## Problem statement
Exact copy, no pictures: output each line below as it stands.

## The data
▽

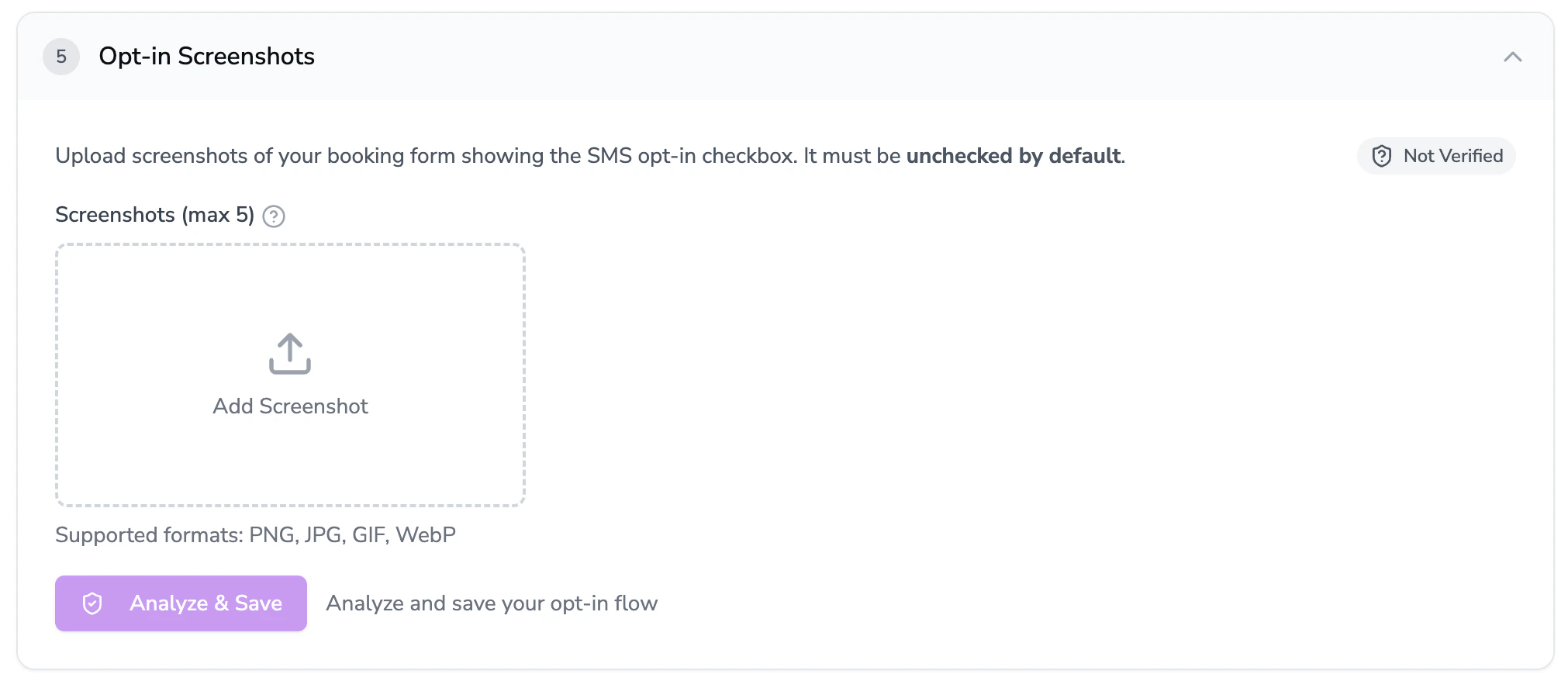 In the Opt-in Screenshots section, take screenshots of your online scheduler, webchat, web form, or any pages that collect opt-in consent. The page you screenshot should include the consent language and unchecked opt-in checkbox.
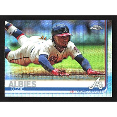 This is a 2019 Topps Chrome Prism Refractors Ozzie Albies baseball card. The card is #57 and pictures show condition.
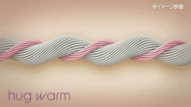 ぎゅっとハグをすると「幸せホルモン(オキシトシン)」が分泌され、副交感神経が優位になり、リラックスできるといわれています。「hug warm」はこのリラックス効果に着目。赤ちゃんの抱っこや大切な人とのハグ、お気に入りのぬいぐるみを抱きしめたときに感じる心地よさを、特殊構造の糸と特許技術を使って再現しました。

△

## Solution for this task
 In the Opt-in Screenshots section, take screenshots of your online scheduler, webchat, web form, or any pages that collect opt-in consent. The page you screenshot should include the consent language and unchecked opt-in checkbox.
 This is a 2019 Topps Chrome Prism Refractors Ozzie Albies baseball card. The card is #57 and pictures show condition.
 ぎゅっとハグをすると「幸せホルモン(オキシトシン)」が分泌され、副交感神経が優位になり、リラックスできるといわれています。「hug warm」はこのリラックス効果に着目。赤ちゃんの抱っこや大切な人とのハグ、お気に入りのぬいぐるみを抱きしめたときに感じる心地よさを、特殊構造の糸と特許技術を使って再現しました。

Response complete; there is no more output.